__INSTRUCTIONS TO FOLLOW__
Scan the records below for the line with "Na sede da Rua" and the line with "Mongolian Gala Dinner", and retype that range exactly, both ends included, pictures excepted.

Records from a data source
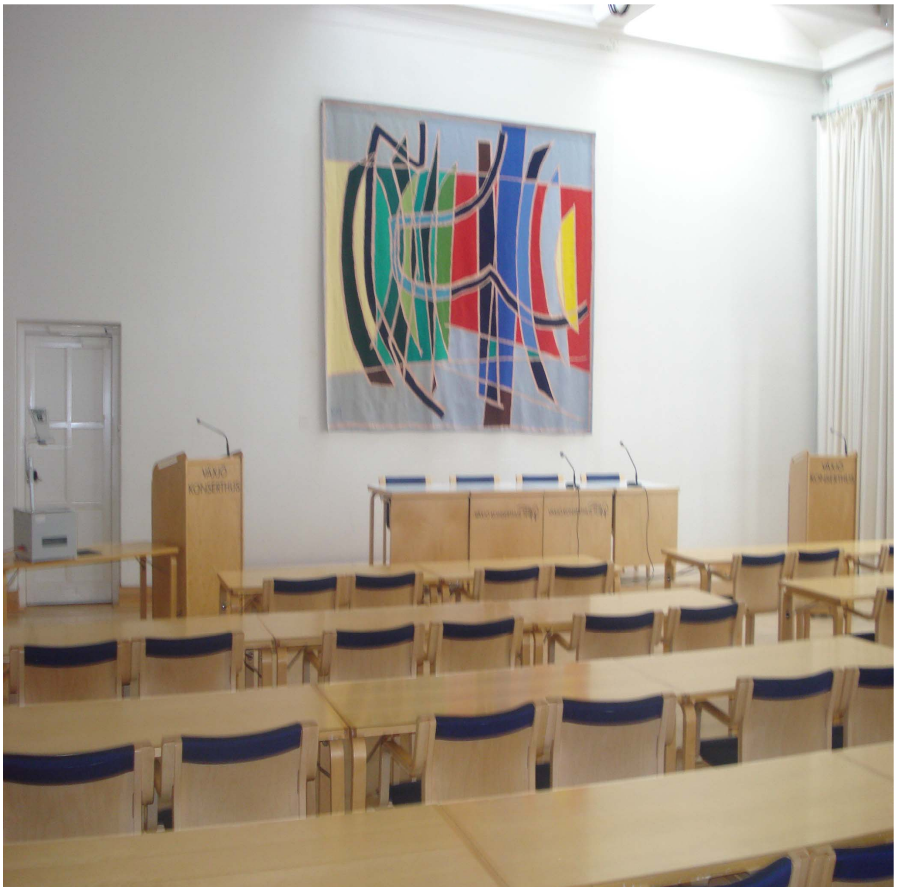
東京財団地方議会の改革
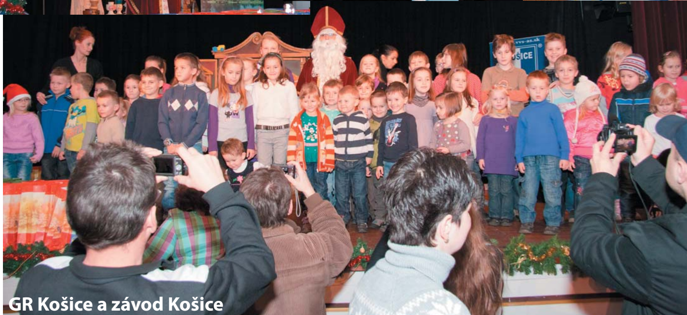
GR Košice a závod Košice
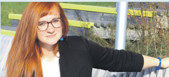
Intervija ar SIA „Saulkrastu komunālserviss” valdes locekli
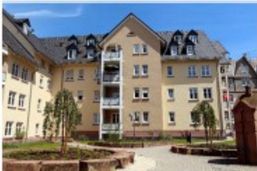
Wetzlar, Amsburger Gasse 1
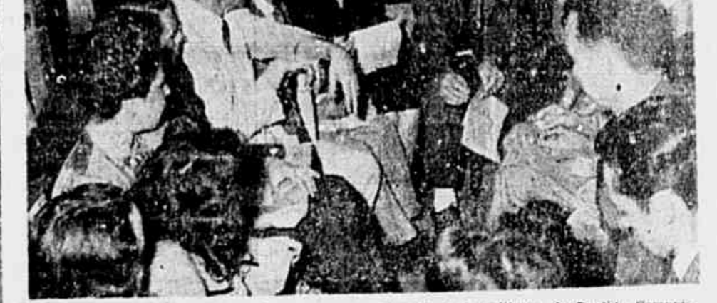
Na sede da Rua Conde Lage, quando muitos dos dirigentes metropolitano do Partido Comunista, era grande a atividade, com aquele organismo partidário em pleno funcionamento.
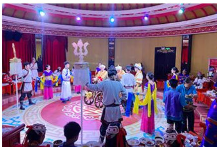
Mongolian Gala Dinner

那达慕 Naadam Festival หรือเทศกาลเฉลิมฉลองที่คล้ายวันตรุษจีนของชาวจีน ประกอบด้วยกิจกรรมการละเล่นพื้นเมืองแบบมองโกล รวม 22 อย่าง ได้แก่ พิธีแต่งงานเออร์คอส / การขี่ม้าในสนาม / ปาร์ตี้รอบกองไฟ / ขี่ม้าถ่ายรูป / สไลเดอร์หญ้า / รถลางทุ่งหญ้า / สวนแขวงกต/สวนเด็กเล่น / ตีกอล์ฟทุ่งหญ้า / รถบัมเปอร์ / รถโกคาร์ท / โยนบอลทุ่งหญ้า / ปีนไฟมองโกล / ยิงธนูในร่ม / แข่งขันจับแกะ / คล้องม้าจำลอง / หมูเลี้ยงนำอินตุ / เครื่องเล่นหมุน / เลี้ยงแกะโยน / ยิงธนู / ทอยแจกัน / เซ็นต์ชื่อภาษา มองโกล ให้เลือกเล่นได้ 12 อย่างตามรายการที่ระบุ.....อัตราค่าบริการสำหรับ 那达慕 Naadam Festival 380 หยวน หรือ 1,900 บาท/ท่าน (สำหรับลูกค้าทัวร์ที่ไม่ซื้อโปรแกรมเสริม สามารถเดินเล่น ถ่ายรูปบริเวณทุ่งหญ้าหรือพักผ่อนตามอัธยาศัย)
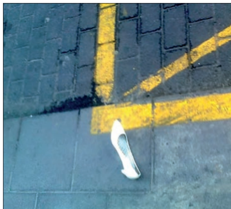
Figura 6. Imagen con connotaciones a la prostitución y los proxenetas.
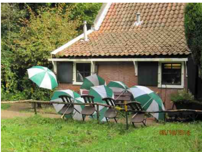
Tijdens het Herfstpad regent het. Paraplu's voor de schoolkinderen liggen te drogen voor de beheerderswerkplaats, die nu voor het achterliggende Pannenkoekenhuisje is bestemd.
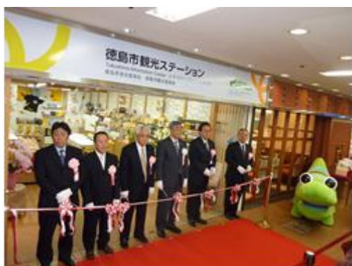
広域観光案内ステーション
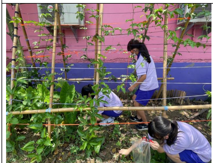
食農教育—班級輪流管理果園
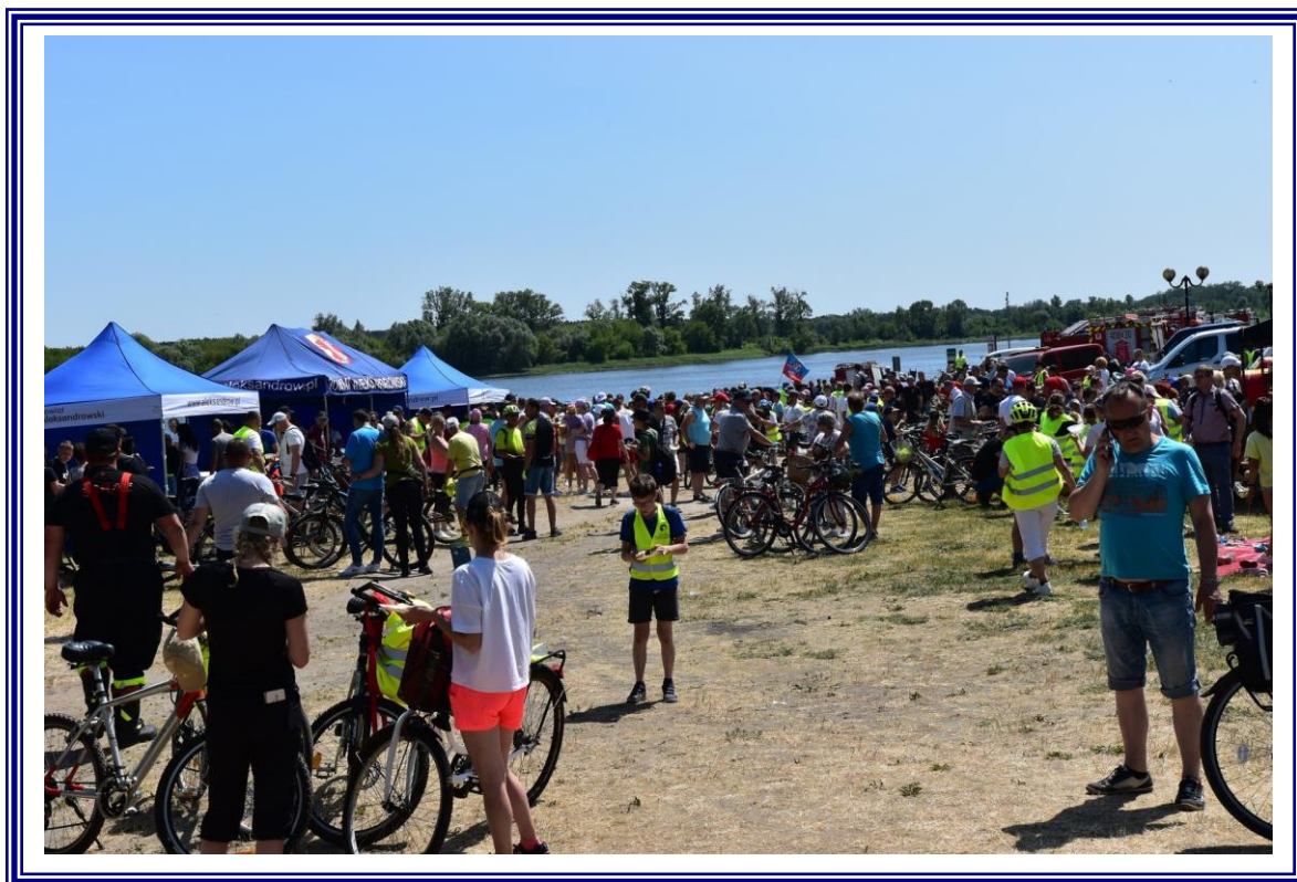
XVI Powiatowy Rajd Rowerowy
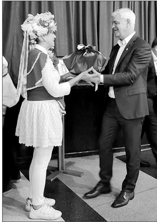
El presidente del Cabildo de El Hierro, durante la entrega de regalos.
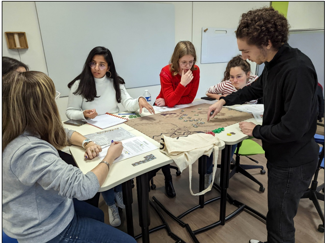
Figure 3. Le jeu sur table Armageddon War (promotion 2022-2023).
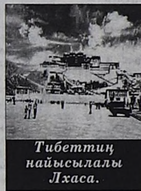
Тибеттиң найысылалы Лхаса.

1987 чылда Далай-Лама «Беш кезектен тургустунган планны» идип үндүргөн, ында ол кедизинде барып Тибетке тайбың девискээрин тургузарын саналдап турар. Ол документиде кыдаттарны Тибетче массалыг көжүүшкүнүн соксадырын, ук чуртка кижиниң кол-кол эргелерин болгаш демократияның хосталгаларын катап тургузарын, Тибеттиң девискээрин ядролуг артынчылар хөмөр девискээр кылдыр ажыглаарын соксадырын, тибет айтырыг талазы-биле тайбың чугаалажылгаларны эгелээрин база Тибеттиң болгаш Кыдаттың чоннарының аразында амыр-тайбың кожухелбээ харылзааларны тургузарын саналдап турар.
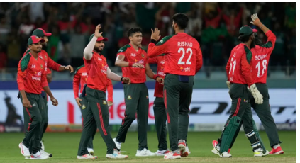
જાન્યુઆરીના રોજ મોડી રાત્રે સીડબ્લ્યુએબી દ્વારા એક મોટું નિવેદન બહાર પાડવામાં આવ્યું છે. અહેવાલ મુજબ, ૧૫ જાન્યુઆરીના રોજ મોડી રાત્રે બાંગ્લાદેશના ખેલાડીઓ બીસીબી સાથે મળ્યા પછી, સીડબ્લ્યુએબીના પ્રમુખ મોહમ્મદ મિથુન, બીસીબીના ડિરેક્ટર મોહમ્મદ મિથુન સાથે, પ્રેસ કોન્ફરન્સમાં માહિતી આપી હતી કે તેઓ ક્રિકેટના હિતોને ધ્યાનમાં રાખીને ૧૬ જાન્યુઆરીએ રમત કરી શકે છે. બીસીબીએ અમને ખાતરી આપી છે કે તેઓ ડિરેક્ટર એમ. નઝમુલ ઇસ્લામ સાથે વાત કરશે અને અમારી માંગણીઓ શક્ય તેટલી વહેલી તકે પૂર્ણ કરવામાં આવશે. બીસીબીએ નઝમુલને ફાઈનાન્સ કમિટી ચેરમેન પદેથી દૂર કર્યા છે, પરંતુ બોર્ડ દ્વારા શરૂ કરાયેલી તપાસ પૂર્ણ ન થાય ત્યાં સુધી તેઓ તેમના પદ પર રહેશે. જો નઝમુલ ઇસ્લામ કારણદર્શક નોટિસ મળ્યાના ૪૮ કલાકની અંદર જવાબ નહીં આપે, જે ૧૭ જાન્યુઆરીએ સમાપ્ત થાય છે, તો બીસીબીના બંધારણ મુજબ, આ મામલો શિસ્ત સમિતિને મોકલવામાં આવશે અને આગળની કાર્યવાહી શરૂ થશે. બાંગ્લાદેશ ક્રિકેટ બોર્ડને કરેલી પોતાની માંગણીઓમાં, સીડબ્લ્યુએબીએ સ્પષ્ટ કર્યું છે કે એમ. નઝમુલ ઇસ્લામને તેમના વિવાદાસ્પદ નિવેદનો માટે જાહેરમાં માફી માંગવી જોઈએ.

જ્યારથી બાંગ્લાદેશ ક્રિકેટ બોર્ડ આઈસીસીને ટી ૨૦ વર્લ્ડ કપ ૨૦૨૬ માટે તેની મેચો ફરીથી શેડ્યુલ કરવા વિનંતી કરી છે, ત્યારથી બીસીબીએ અનેક નિવેદનો જારી કર્યા છે. બાંગ્લાદેશ ક્રિકેટ બોર્ડ હવે પોતાના જ ઘરમાં ઘેરાયેલું દેખાય છે, જેનું સૌથી મોટું કારણ બાંગ્લાદેશ ક્રિકેટ બોર્ડના ડિરેક્ટર એમ. નઝમુલ ઇસ્લામ છે, જેમને ૧૫ જાન્યુઆરીએ બીસીબી દ્વારા તેમના વિવાદાસ્પદ નિવેદનોને કારણે કારણદર્શક નોટિસ જારી કર્યા બાદ તેમના પદ પરથી ભરતરફ કરવામાં આવ્યા હતા. ૧૫ જાન્યુઆરીએ યોજાનારી બાંગ્લાદેશ પ્રીમિયર લીગ બીપીએલ ની ચાલી રહેલી મેચો પણ બાંગ્લાદેશના ક્રિકેટરો વેલ્ફેર એસોસિએશન દ્વારા નઝમુલ પાસેથી જાહેર માફીની માંગણીને કારણે રદ કરવામાં આવી હતી. આ મામલે ૧૫
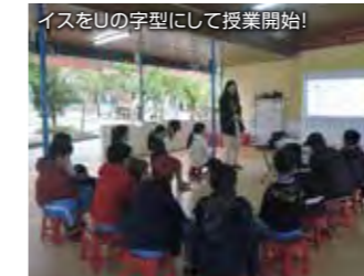
イスをUの字型にして授業開始!
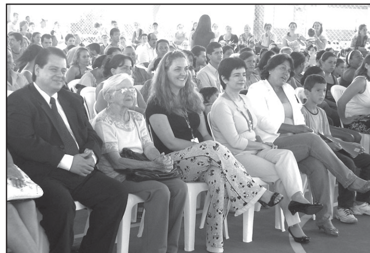
Diversas autoridades prestigiaram a inauguração da quadra.

A quadra coberta do Aprendizado Marista Padre Lancísio é uma obra que veio para garantir mais qualidade no ensino das crianças e também mais conforto para alunos e funcionários. Será de
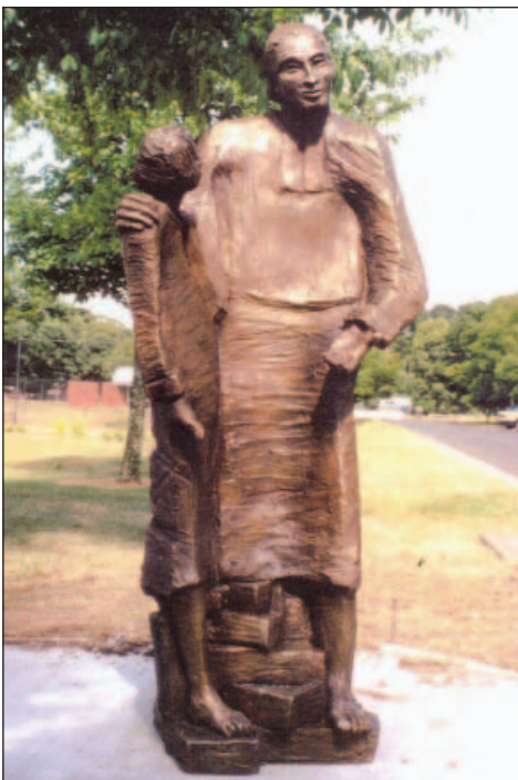
San Marcelino por Pauline Clayton. Assumption College Kilmore, Victoria, Australia

Al principio de su ministerio, en La Valla, comienza su obra. En ese pueblo de unos 2500 habitantes, repartidos en unos cincuenta caseríos, el joven vicario hace maravillas. “Sus modales sencillos y afables, la franqueza y el aspecto bondadoso que se dibujaba en su rostro, cautivaba los corazones ... Es tan bueno, que no hay más remedio que hacer lo que manda o aconseja” (Vida p. 274).
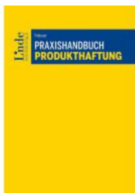
Praxishandbuch Produkthaftung Ladenpreis: 39,00EUR
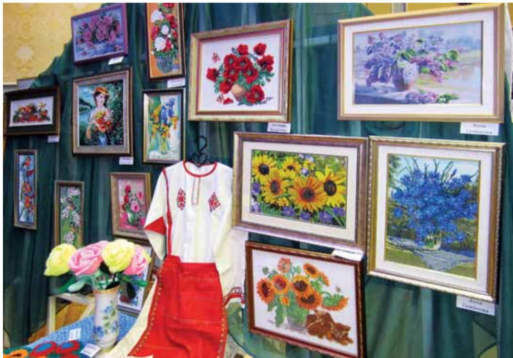
Наших детей воспитывают талантливые люди (выставка детского сада)
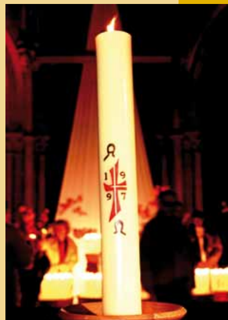
C. MERCIER / CIRC
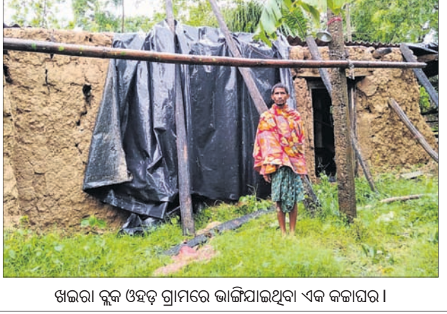
ଖଇରା ରୁକ୍ତ ଓହଡ଼ ଗ୍ରାମରେ ଭାଙ୍ଗିଯାଇଥିବା ଏକ କଳାଘର।

ବାତ୍ୟା ଅମ୍ଫନ ପ୍ରଭାବରେ ଗଛ ଉପୁଡ଼ିବା ତଥା ତାଳ ଭାଙ୍ଗିବା କାରଣରୁ ଖଇରା ରୁକ୍ତରେ ବ୍ୟାପକ କ୍ଷୟକ୍ଷତି ଘଟିଛି। ବହୁ ଗ୍ରାମର ଅନନ୍ତ ସାମଲଙ୍କ ଘର ଛପର ଭାଙ୍ଗି ପଡ଼ିଥିବା ବେଳେ ବିଦ୍ୟୁତ ଖୁଣ୍ଟ ମଧ୍ୟ ଭାଙ୍ଗି ରାସ୍ତାରେ ପଡ଼ିଛି। ସେହିଭଳି ବଡ଼ ବଡ଼ ଗଛ ଭାଙ୍ଗି ରାସ୍ତା ଉପରେ ପଡ଼ିବା କାରଣରୁ ଯୋଗାଯୋଗ ବାଧାପ୍ରାପ୍ତ ହୋଇଛି। ଅଭ୍ୟୁତପୁର ପଞ୍ଚାୟତ ଓହଡ଼ ଗ୍ରାମର ଦାମୋଦର କରଙ୍କ ପତ୍ନୀ ଚାଳଘର ପବନରେ ଭଗ୍ନିତ ହୋଇଥିବା ବେଳେ ବାସବାସୀ ହୋଇପଡ଼ିଛନ୍ତି। ସେହିଭଳି ଗଛ ଭାଙ୍ଗିପଡ଼ିବା କାରଣରୁ ବଡ଼ ପଡ଼ି ଅନେକ ଦୋକାନ ଗୃହ ମଧ୍ୟ ନଷ୍ଟ ହୋଇଛି। ପବନ କମିବା ପରେ କ୍ଷୟକ୍ଷତି ଆକଳନ କରାଯିବ ବୋଲି ଗ୍ରାମର ନନ୍ଦକିଶୋର ମାଝି, ମାଖନପୁର ୩ ସଦସ୍ୟଙ୍କୁ ବାତ୍ୟାଖଣ୍ଡ ସ୍ଥଳକୁ ସ୍ଥାନାନ୍ତର ପାଇଁ ଦାବି କରାଯାଇଛି। ଏହାଛଡ଼ା ଗଣ୍ଡବେଟ ବଜାରରେ ଗଛ ପଡ଼ି ଅନେକ ଦୋକାନ ଗୃହ ମଧ୍ୟ ନଷ୍ଟ ହୋଇଛି। ପବନ କମିବା ପରେ କ୍ଷୟକ୍ଷତି ଆକଳନ କରାଯିବ ବୋଲି ଗ୍ରାମର ନନ୍ଦକିଶୋର ମାଝି, ମାଖନପୁର ୩ ସଦସ୍ୟଙ୍କୁ ବାତ୍ୟାଖଣ୍ଡ ସ୍ଥଳକୁ ସ୍ଥାନାନ୍ତର ପାଇଁ ଦାବି କରାଯାଇଛି।
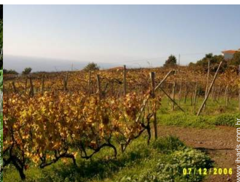
vista sobre vinhas
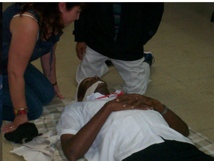
► Plan de capacitación enfocado exclusivamente en la prevención de riesgos.
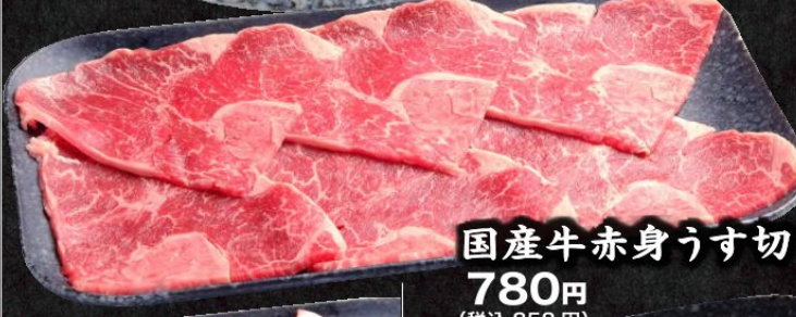
国産牛赤身うす切 780円 (税込858円)
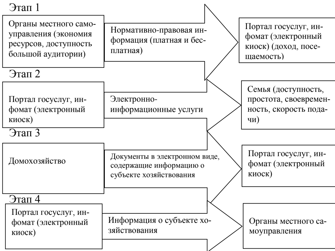
Рис. 2. Четыре этапа технологического процесса оказания электронных информационных услуг органами местного самоуправления

На третьем – для субъекта «домохозяйство» - затраты времени на заполнение нужных электронных таблиц, являющихся сущностью электронных документов, а для «портала госуслуг» - время на получение объективной информации о субъекте «домохозяйство».
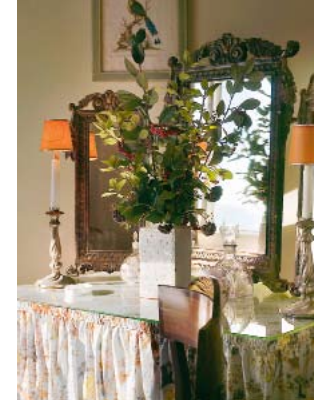
Huses rum dekoreras sommartid med blommor från den egna plockträdgården.

VIA SMALA GRUSVÄGAR som slingrar sig mellan kullarna i Orciadalen, alldeles mellan Pienza och det välkända vinddistriktet Montepulciano, kommer man till La Foce – en gång i tiden författarinnan Iris Origos herrgård.
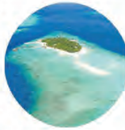
L'atollo di Vaavu
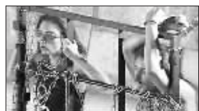
兄妹进行水下憋气挑战

据悉,盖丘纳斯兄妹俩以前也曾进行过其他惊人的极限挑战,譬如 2005 年,他们曾在 12 吨重的冰块中生活了大约 3 天。 欧阳
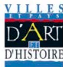
Label "Ville d'art et d'histoire"

La reconquête de ce label obtenu en 2002 est en cours. Projet de développement culturel à destination non seulement des vacanciers mais aussi du public local des adultes, familles et scolaires, le label a permis d'élargir l'éventail des visiteurs intéressés plus particulièrement par le patrimoine, et de prolonger la saison touristique. Il conforte la qualité de l'offre de la ville avec notamment des visites réalisées par des guides agréés par le ministère de la Culture. Il aura également favorisé l'ouverture de nouveaux équipements comme la Maison du patrimoine en Ville Close.
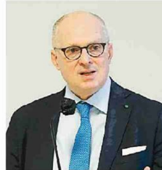
WALTER RICCIARDI CONSULENTE DEL MINISTERO DELLA SALUTE
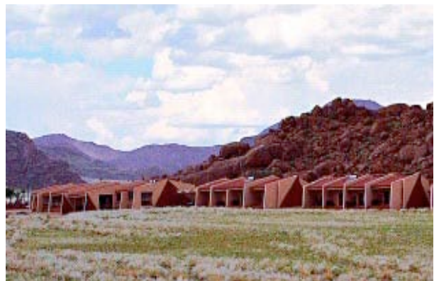
Die Namib Naukluft Lodge

__SOLUTION FOR THIS TASK__
Na sede da Rua Conde Lage, quando muitos dos dirigentes metropolitano do Partido Comunista, era grande a atividade, com aquele organismo partidário em pleno funcionamento.
Mongolian Gala Dinner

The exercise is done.